Monitoring terhadap adanya kebocoran CSF perlu dilakukan.
Data-data berikut harus diperhatikan :
1. Keluhan postnasal drip
2. Menelan yang konstan
3. Adanya halo ring pada nasal sling atau balutan (tanda berupa cairan CSF yang jernih
disekeliling cairan serosa yang lebih gelap ditengahnya)
4. Memeriksa ada tidaknya glukosa pada drainase nasal.
Cairan serebrospinal mengandung glukosa, sedangkan cairan nasal tidak. Jika tes glukosa
positif, bahan pemeriksaan harus dikirim ke laboratorium untuk konfirmasi lebih lanjut.
Jika terdapat kebocoran yang menetap, pasien dianjurkan untuk tirah baring dengan
kepala terangkat untuk menggantikan tekanan pada tambalan yang sudah ditentukan.
Seringkali kebocoran CSF sembuh dengan sendirinya, tetapi kadang-kadang diperlukan
perbaikan dengan tindakan operasi. Aktivitas yang meningkatkan tekanan intrakranial harus
dihindari.
Nyeri kepala dapat timbul dan dapat diobati dengan analgetik nonnarkotik tau cordein.

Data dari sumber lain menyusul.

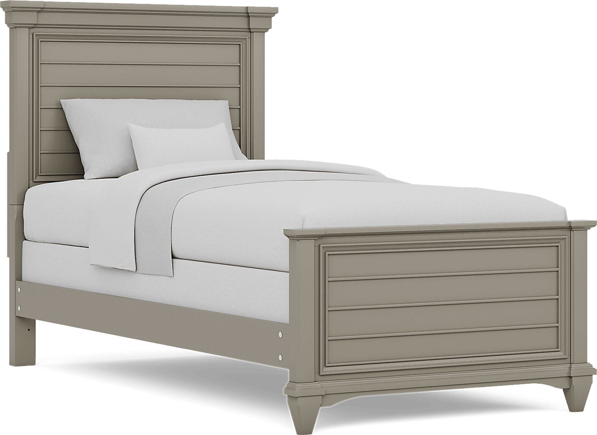 Great for kids and teens, the classically styled Hilton Head panel bed will be an instant hit. This transitional bed features a unique shutter look on the headboard and footboard helping it stand out. The versatile gray finish helps this bed fit in with many decor styles and the wood solid construction makes for a quality piece to center any child's room. Mattress and foundation (if required) sold separately.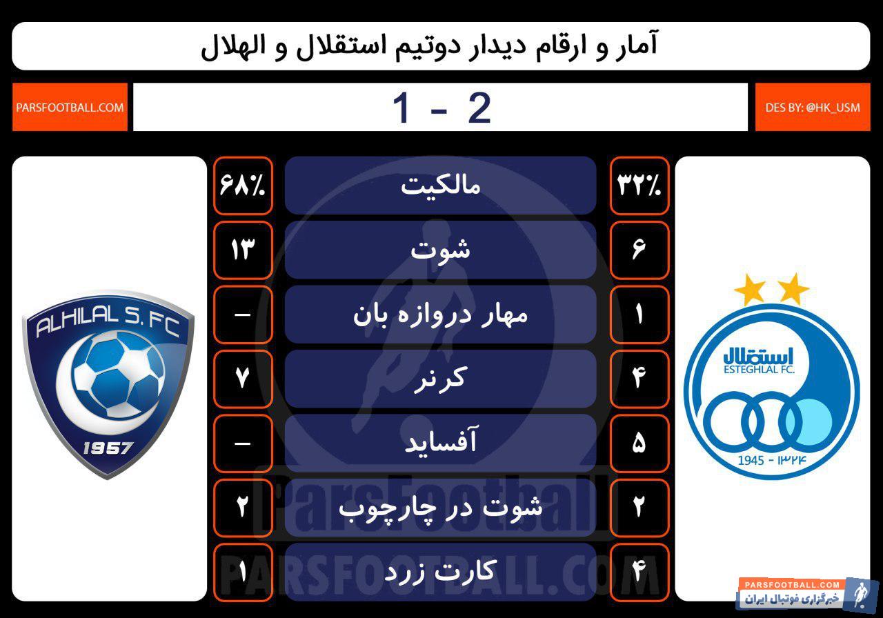 آمار این بازی منتشر شد که نشان داد الهلالیها عملکرد بهتری نسبت به شاگردان شفر داشتند اما آبیهای ایران با هوشمندی توانستند فاتح این بازی شوند.

Nyeri kepala persisten atau rigiditas nuchal (kaku kuduk) dapat memberikan petunjuk akan
adanya meningitis dan hal ini harus segera dilaporkan. Karena kemungkinan terjadinya risiko
infeksi, maka antibiotik profilaktif dapat diberikan saat preoperatif atau postoperatif.

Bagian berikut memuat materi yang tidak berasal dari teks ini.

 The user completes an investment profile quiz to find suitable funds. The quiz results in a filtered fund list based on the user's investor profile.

Intervensi keperawatan lainnya bagi pasien dengan operasi transphenoidal meliputi hal
berikut :
1. Memberikan cairan peroral dan diet cairan jernih segera setelah pasien sadar dan tak
lagi merasa mual setelah tinadakan anastesia.

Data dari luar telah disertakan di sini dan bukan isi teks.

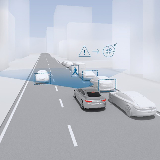 Sistemul radar este eficient în ceea ce privește detectarea obiectelor la distanță, dar pentru ca vehiculul să aibă o imagine detaliată a mediului apropiat, se folosește o tehnologie diferită: senzorii cu ultrasunete. Ultrasunetele furnizează date de pe o arie de câțiva metri, acestea asigurând o hartă foarte detaliată a proximităţii vehiculului. Aceste informații sunt esențiale pentru punerea în aplicare a funcțiilor autonome avansate, precum sistemele de parcare.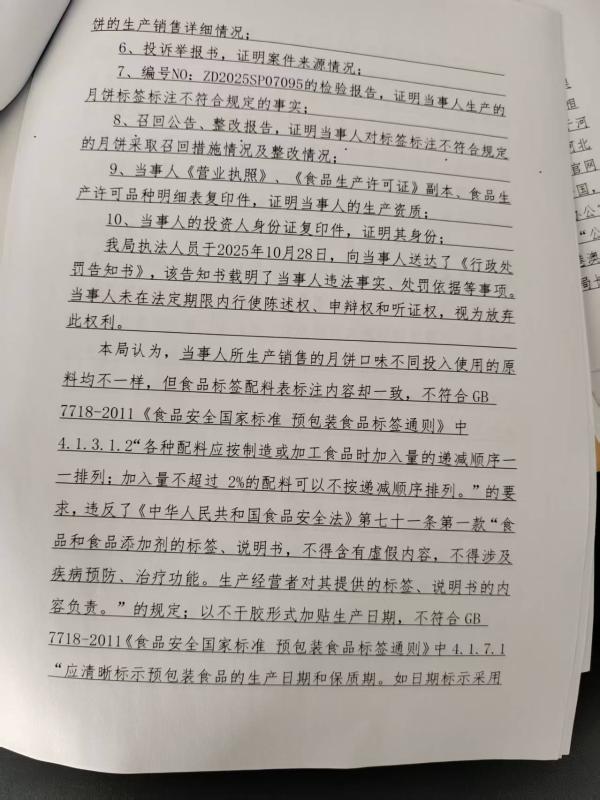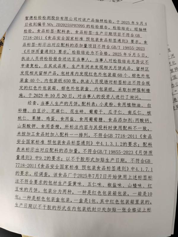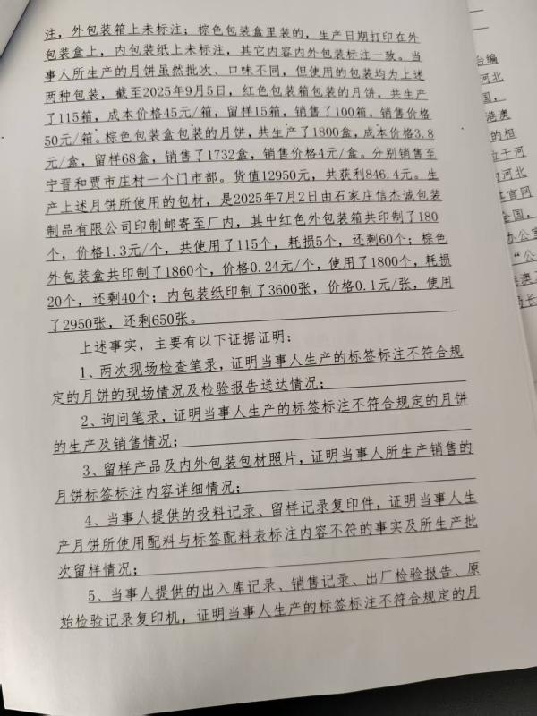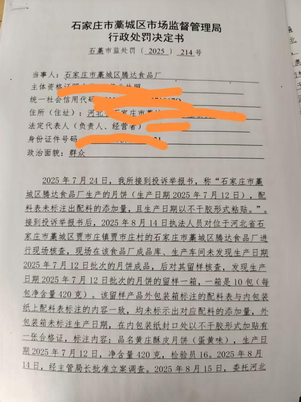 石家庄市藁城区腾达食品厂生产销售标签标注不符合规定的月饼案(石藁市监处罚【2025】214号)

2. Meningkatkan diet yang sesuai (anorexia dapat timbul karena menurutnya sensasi
penciuman).
3. Meyakinkan pasien bahwa kehilangan sensasi penciuman hanya sementara dan akan
membaik segera setelah penutup hidung nasal sling diangkat.
4. Memberikan O2 dengan kelembaban tertentu untuk menjaga kelembaban mukosa nasal
dan oral.
5. Melakukan perawatan mulut
a. Jangan menggosok gigi (untuk mencegah distrupsi benangjahitan).
b. Menggunakan kapas halus dan lembab pada saat membersihkan gigi.
c. Sering melakukan bilas mulut.
b. Pembedahan transfontal
Jika tumor hipofise dibawah tulang-tulang dari sella tursika (ekstra sellar), kraniotoomi
dilakukan untuk mendapatkan suatu lapang operasi yang cukup. Tumor-tumor intraserebral
lain, penyakit-penyakit atau trauma terhadap struktur-struktur yang berdekatan dengan
hipofise atau dapat menyebabkan disfungsi hipofise sementara maupun permanen.